Marcos ruled the Philippines from 1965 until he was overthrown in the Peoples Power EDSA Uprising of 1986. He died in exile in the US three years later.

On November 18, a military helicopter brought the body from Ilocos Norte, where the former dictator’s body was displayed in the Marcos Museum, to the LNMB. The marines and the police were mobilised to encircle the perimeter of the cemetery. They were placed on red alert.

The enabler was President Rodrigo Duterte. It was, all along, a state sponsored burial. Duterte ordered it, the Supreme Court authorised it. The burial was accompanied with a 21-gun salute and the pompous ceremony that accompanies an official burial.

The government may have thought that, given the dictator was overthrown 30 years ago, there would be only muted opposition. However, thousands, predominantly youth and university students, spontaneously walked out of class rooms and immediately took to the streets to protest the burial, sending the President a clear message that this is a miscalculation he will be made to regret.

A new generation took to the streets demonstrating that it would be the guardians of a history that was also proudly made by the generation of the “first quarter storm” — the student radicalisation that was the basis for an organised mass movement that led to the overthrow of the Marcos dictatorship.

The young protestors chanted the slogans of the martial law generation: “Makibaka, Huwag Matakot!” and “Marcos, Hitler, Diktador, Tuta!” They sang “Bayan Ko” — the Filipino revolutionary song that became an anthem of the opposition to the Marcos regime. Most of them do not belong to any radical organisation. They are students of history. A history that cannot be covered up — a product of the continuing organisation and education by the martial law generation.

Significantly, the young people also sense history in the making — the climate of fear leading to martial law, of more repressions and another dictatorship. A new generation has signalled that it will not stand by and watch this happen. They have sent a warning to the Duterte administration. They have now taken up the cudgel.

With the authority of these mass rallies they have declared that the protests will continue. They have put forward some demands, chanting “hukayin” – “dig up the body” and bury it where it belongs — in the dustbin of history.

Protesters rallied at the Peoples Power Monument, which commemorates the overthrow of Marcos, where they were addressed by speakers including leaders of the left-wing Partido Lakas ng Masa (PLM), which pledged to accompany the youth in this struggle and in the coming struggles under an administration that refuses to learn the lessons of history.

However, PLM Chairperson Sonny Melencio later cautioned those in the organised left against sectarianism.

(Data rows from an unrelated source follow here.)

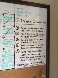 On Day 5, I took 20 minutes out of my morning before heading to work to write down 5 reasons I love her. I wrote them on the white board so she would find it later in the day.
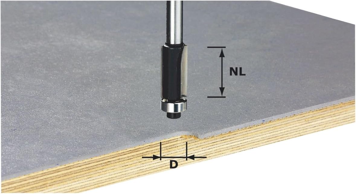Der Festool Bündigfräser HW S8 D12,7/NL25 ist auf Effizienz und Langlebigkeit ausgelegt. Mit einem Schaftdurchmesser von 8 mm passt er in alle gängigen Oberfräsen, die eine entsprechende Spannzange besitzen. Die durchdachte Konstruktion mit dem unten liegenden Kugellager macht ihn zum Spezialisten für alle Arbeiten, bei denen eine vorhandene Kontur auf ein neues Werkstück übertragen werden soll. Das kompakte Lager ermöglicht dabei einen Mindestradius von 15 mm, was ihn von herkömmlichen, größeren Bündigfräsern abhebt.
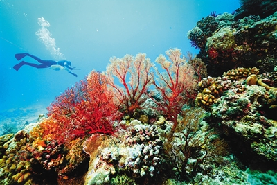 日前,来自北京的水下摄影师楠忘和他的潜伴马浚森受中央电视台的邀请,来拍摄三沙的水下影像资料。在为期三天的工作中,他们分别在三沙七连屿和永乐蓝洞两处海域共下潜了6次。楠忘告诉记者,三天里,他用相机和摄像机记录到:鱼群、成片的珊瑚群、奇特的海珊景观和簇拥海葵生长的小丑鱼等热带海域比较常见的生物。“太惊喜了,有些水下景观甚至可以用惊艳来形容。”楠忘激动地说。
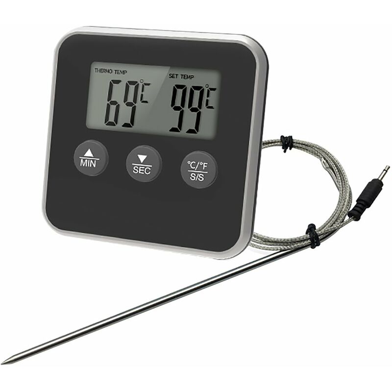 1. Intervallo di misurazione della temperatura: - 50 ℃~ 300 ℃ 2. Risoluzione della temperatura: 1℃ 3. Errore di temperatura: - 10°C-50°C ±1,5°C, 0°C-200°C ±1°C, 201°C-300°C ±1,5°C 4. Funzione timer: 99 minuti e 59 secondi 5. Modalità di impostazione manuale: puoi impostare liberamente una temperatura specifica in base ai tuoi gusti. 6. Unità di temperatura: Fahrenheit o Celsius possono essere convertiti. 7. Funzione timer: Quando viene raggiunta l'ora impostata, suonerà un allarme. 8. Funzione di allarme: Quando la temperatura attuale del cibo raggiunge la temperatura preimpostata, il cicalino emetterà un segnale acustico di gocciolamento. 9. Modalità di alimentazione: due batterie AAA n. 7 x1 (non incluse)

“I think we should really handle the spontaneous participation of mostly young people in the anti-Marcos burial rally in a very careful way, devoid of drum-beating of any group and the lambasting of other groups,” he said.

“There’s a great number of non-aligned youth who participated in the protests and we don’t want them to be put off by any sectarian antic. Sectarianism is poison to a newly emerging movement.

“It’s one thing to disallow the trapos [traditional politicians] — whether in office or not in office — to take centre stage, but it’s another thing to block other mass organisations from participating.”

Referring to the centre-left Citizens Action Party (Akbayan), which supported the government of previous President Pinoy Aquino, Melencio said: “Let Akbayan be there, and let their ideas on how to move forward in the protest against the Marcos burial at LNMB be propagated, even if we may disagree with them.

“Let a hundred flowers bloom, let a hundred thoughts contend. Let the youth be unhindered, physically and mentally, in their fight for truth, justice, social liberation and freedom. Let the new movement emerge.”